I will admit that the supertalls I have visited that I have personal experience with were not very pleasant at street level-especially the old WTC-that Austin J. Toba plaza was awful-windswept and desolate, with trash being swept up in small whirlwinds everywhere. But that does not mean they
have to be built like that in massive sterile supercomplexes. We have learned from that-or at least we should have.
You make some good points that I agree with, I just do not think in extremes like that-I make my own decisions on what I like based on my own criteria. If those spaces that are devoid of highrises are what your prefer, fine. But yours is just an opinion just like mine.
And I would ideally like a mixed environment-I would not want to live in a museum city like Venice or much of Paris for that matter. And just how affordable are those tmuseum cities for children and the poor? Aren't they pretty much send to the outskirts?
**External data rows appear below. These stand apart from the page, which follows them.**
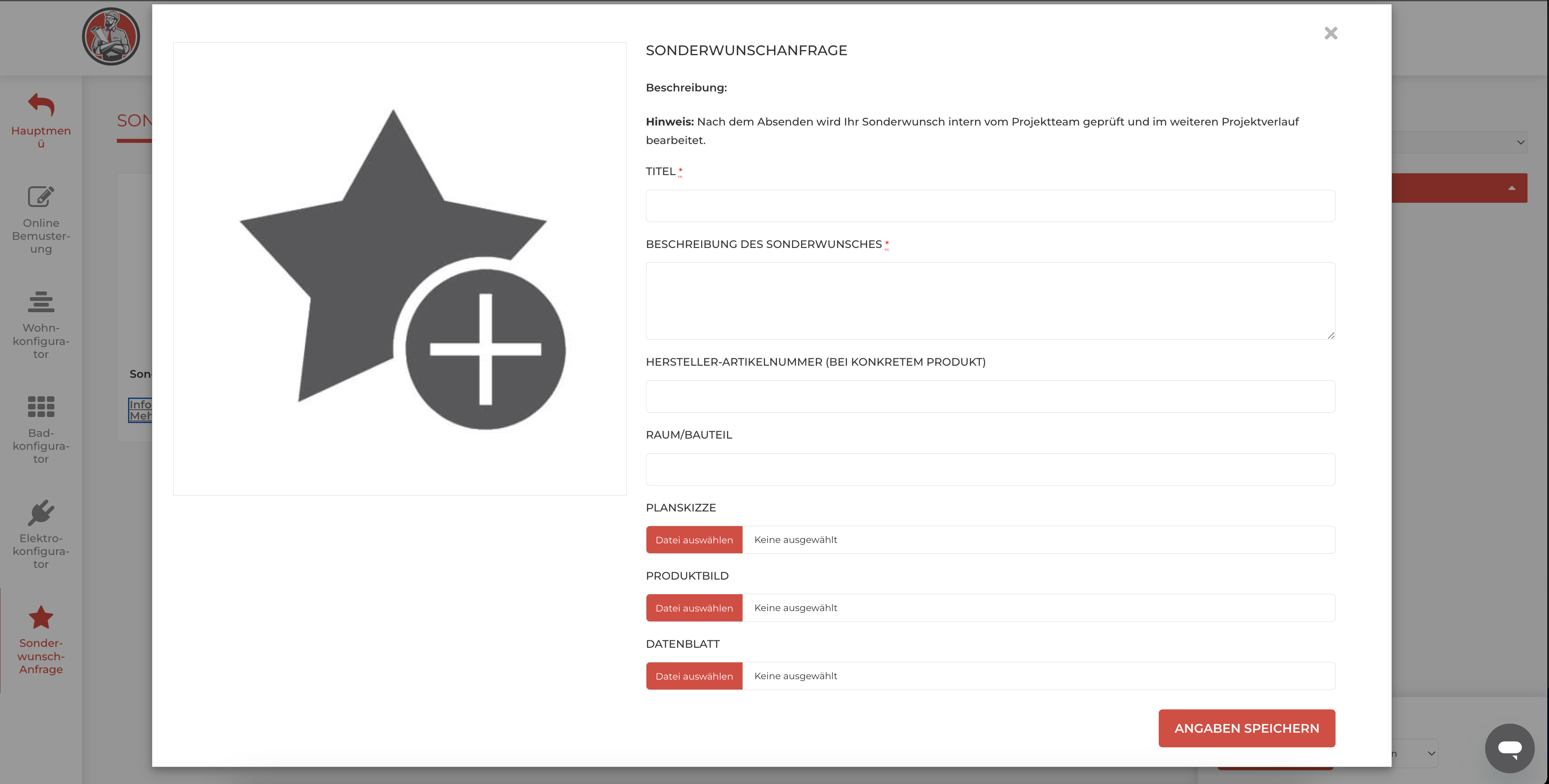 Das Sonderwunschanfrageprodukt dient der strukturierten Erfassung von individuellen Kundenanforderungen, die nicht über bestehende Konfiguratoren oder Standard-Bemusterungen abgedeckt werden können.
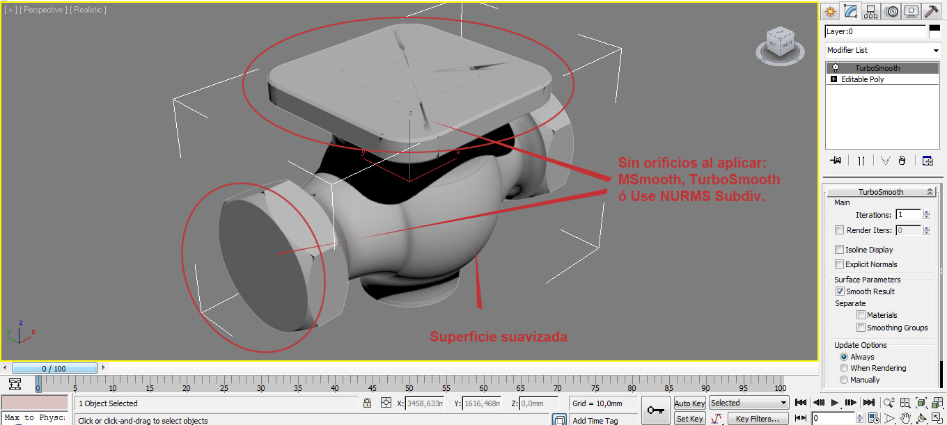 Hola. Yo normalmente modelo en Cad, y me ha surgido un problema al importar un.dwg a max, en el que me aparecen facetadas las caras de una parte de la pieza. En teoría con un TurboSmooth o un msmooth, o quizá utilizando la herramienta use Nurms sub, de la parte de Edit Poly, podría ser que fuese subsanado, pero, no, ya que si hago cualquiera de estos modificadores, se me tapan los taladros de la pieza y no sé cómo hacer para que me quede suavizado, sin que se me modifique la geometría.
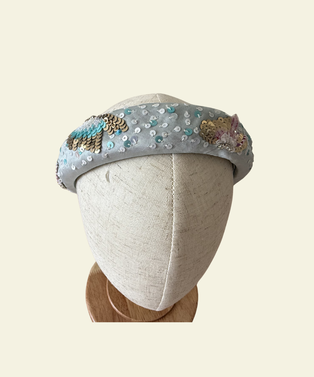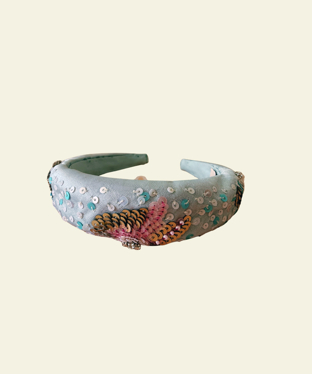 A soft statement headband adorned with shimmering aqua, pearl, and gold sequined butterfly details. Light-catching yet refined, it’s the perfect finishing touch for your lil olives dresses.
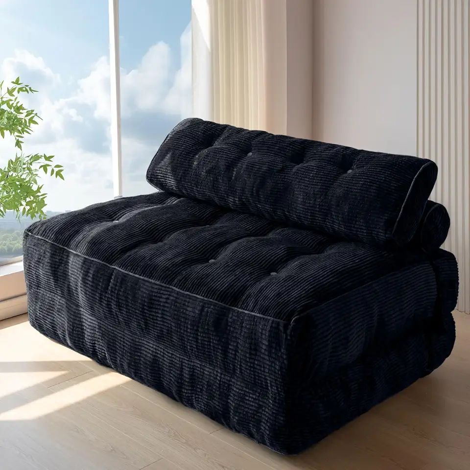 MAXYOYO Folding Sofa Bed, Convertible Sleeper Chair with Pilow Foldable Matress with Back Support, Portable Fold Out Chair Bed Comfy Floor Sofa Lounge for Living Room Bedroom, Black, Double
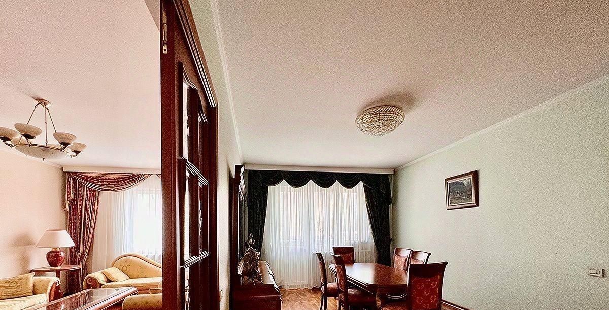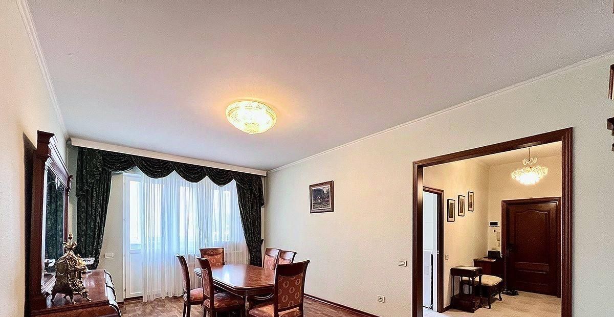 Ищете просторную квартиру в аренду в удобном районе? Вашему вниманию предлагается великолепная 4-комнатная квартира площадью 165 кв. м, расположенная на 3-м этаже 9-этажного кирпичного дома 1998 года постройки. Высокие потолки высотой 3 метра создают ощущение простора и света. До ближайшего метро всего 9 минут пешком, что делает перемещение по городу удобным и быстрым.
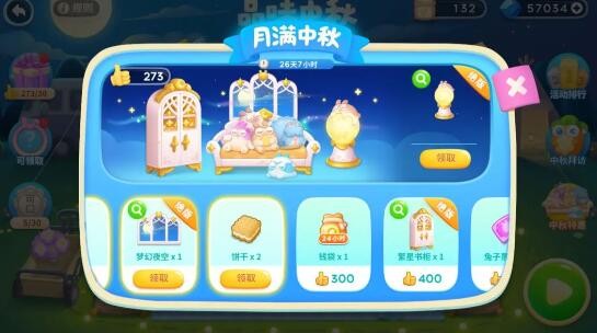 获得一定量的活动积分,可以在月满中秋中领取绝版家具【梦幻夜空】、【繁星书柜】,以及关卡道具、呆兔食物、兔子票等。达成20关固定关卡全金萝卜,将获得绝版家具【抱抱月球】!天上的月亮阿波没有,但是阿波可以送你一个家里的月亮=3=
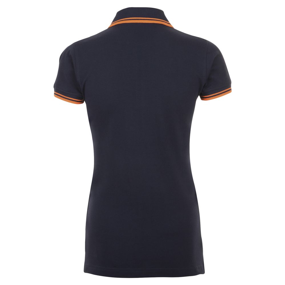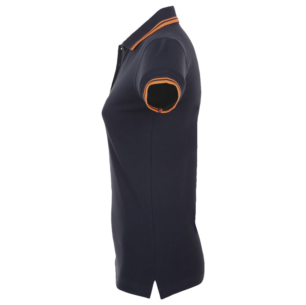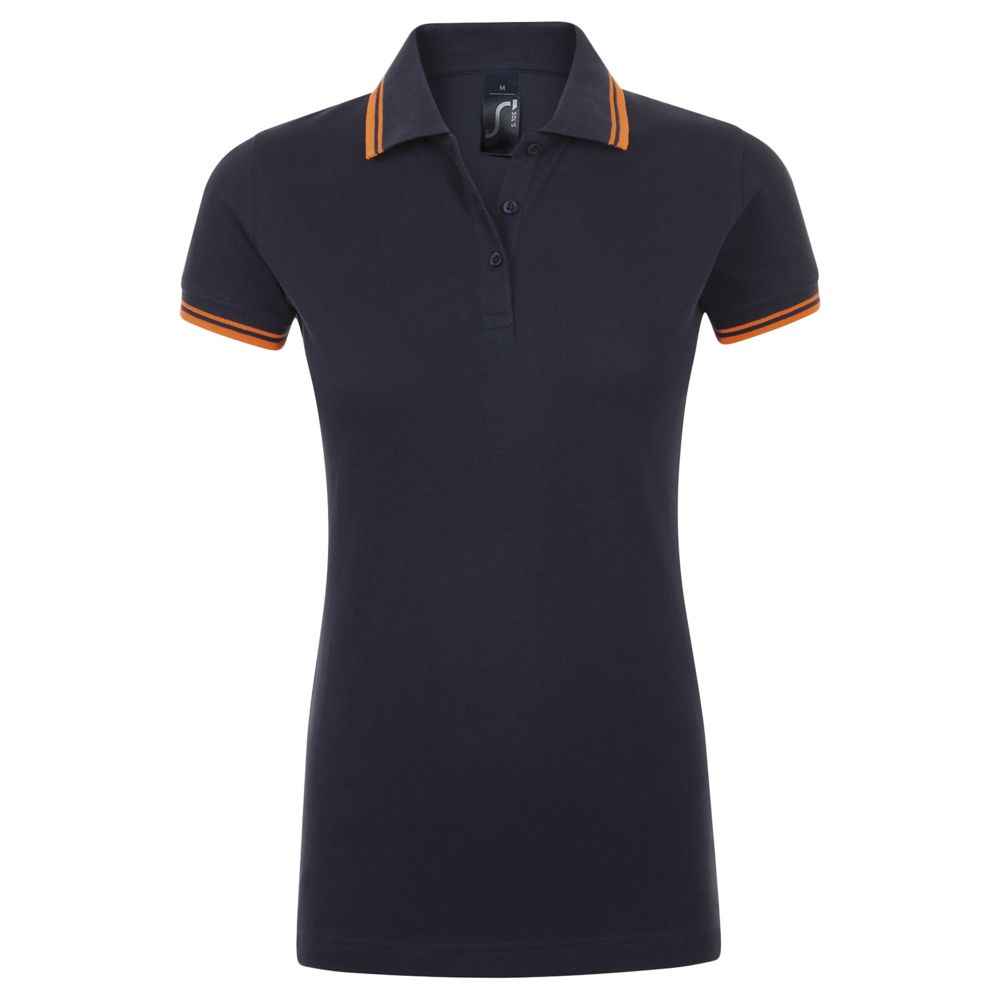 Рубашка поло женская Pasadena Women 200 с контрастной отделкой, темно-синяя (navy) с неоново-оранжевым купить оптом и в розницу с нанесением логотипа в Нижнем Новгороде
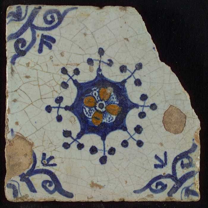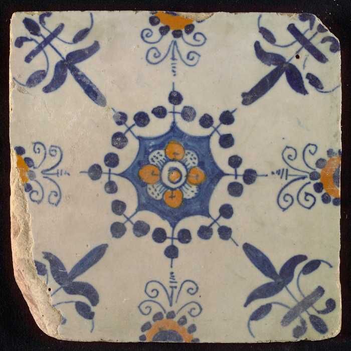 Ornamenttegel, blauwe trek en oranje op wit, bloem b...
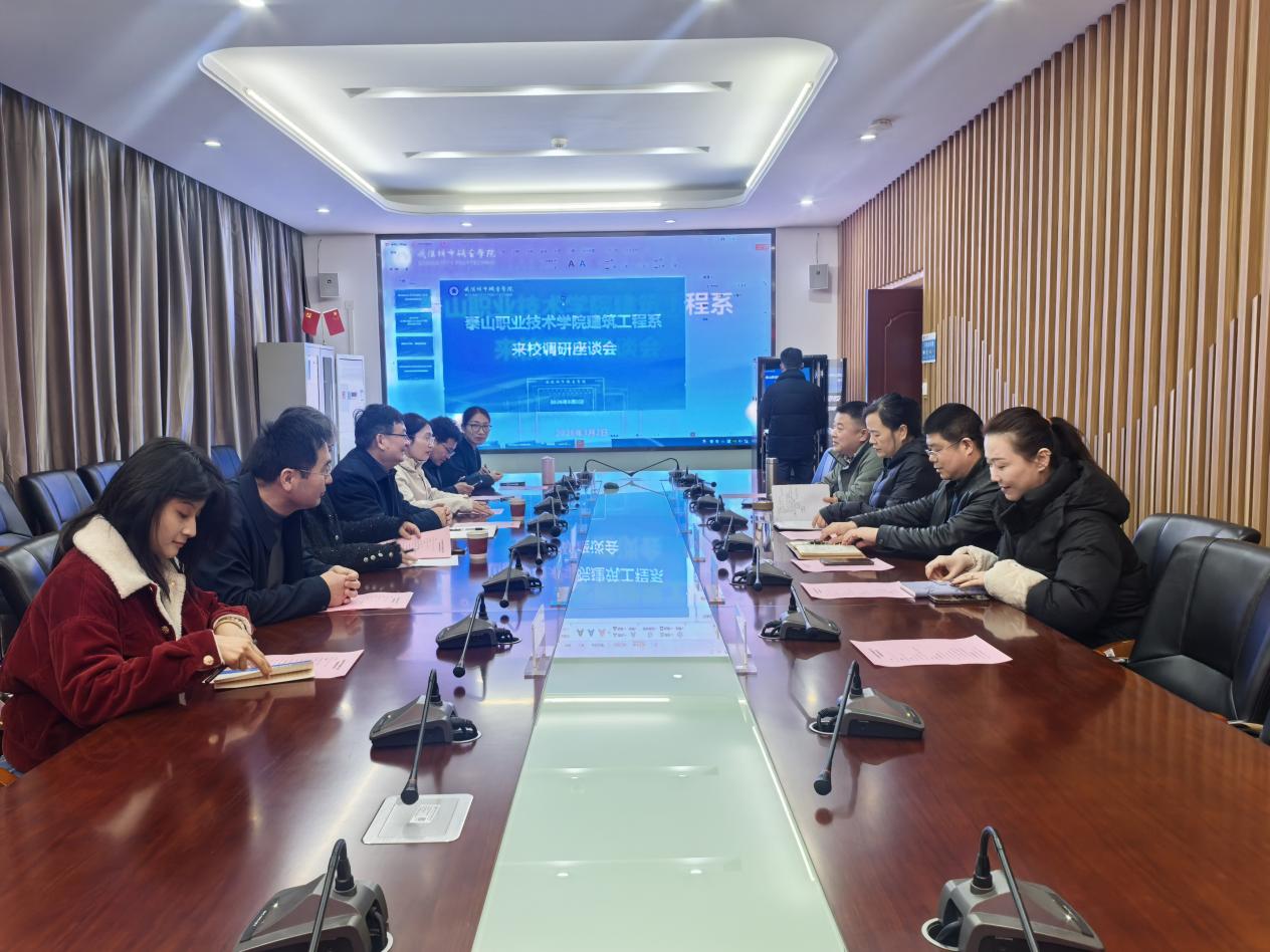 3月2日上午,泰山职业技术学院建筑工程系党总支书记张子学、主任王桂珍一行六人,莅临学院开展调研座谈。学院党总支书记李红英、副院长张善军、程斌及各教研室主任、学工办主任参与座谈,武汉追月信息技术有限公司教育总监常苗受邀出席。会议由副院长程斌主持。
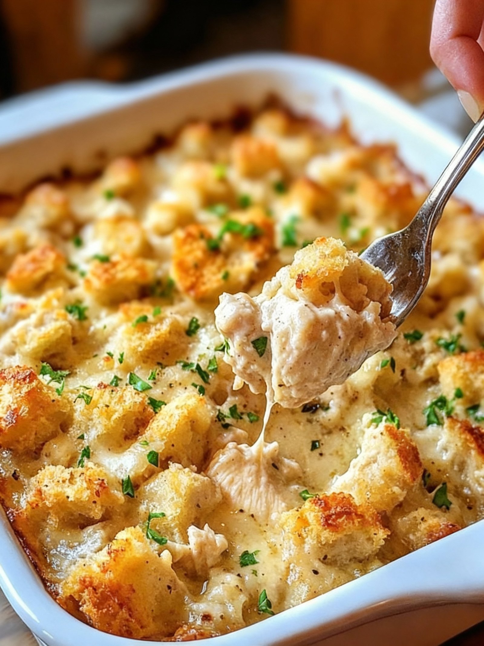 A creamy, savory chicken casserole combining shredded chicken, stuffing mix, cream of chicken soup, sour cream, and broth baked to golden perfection. This comforting dish is simple, hearty, and reminiscent of classic Southern home cooking.
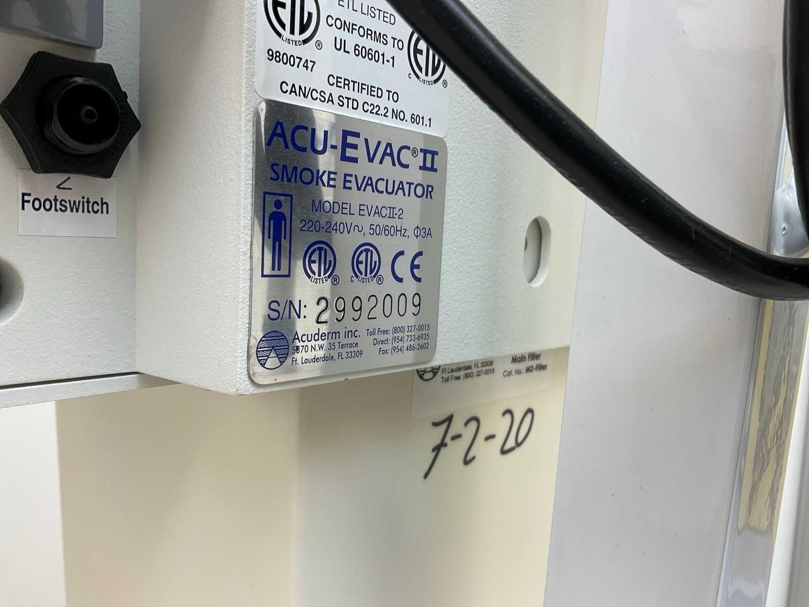 Voor chirurgische rook afzuiging, geschikt voor laser therapie cauterisatie en overige procedures welke rookpluimen genereren Merk: Acu Type: Evac II Aansluiting: 230V

I also do not like areas like Pudong or Dubai not only because they are harsh at street level, but because they are the skyscraper equivalent of botanical gardens, full of exotic species (many quite unattractive) that individually scream for attention but end up making a jarring and disturbing skyline statement.
*Since you mentioned NYC (Greenwich Village) explain to me the negatives of 9 Dekalb now under construction in Brooklyn. Tell me how what was there before surpasses and is better than what is going in now, and that any negatives of that building outweigh the positives.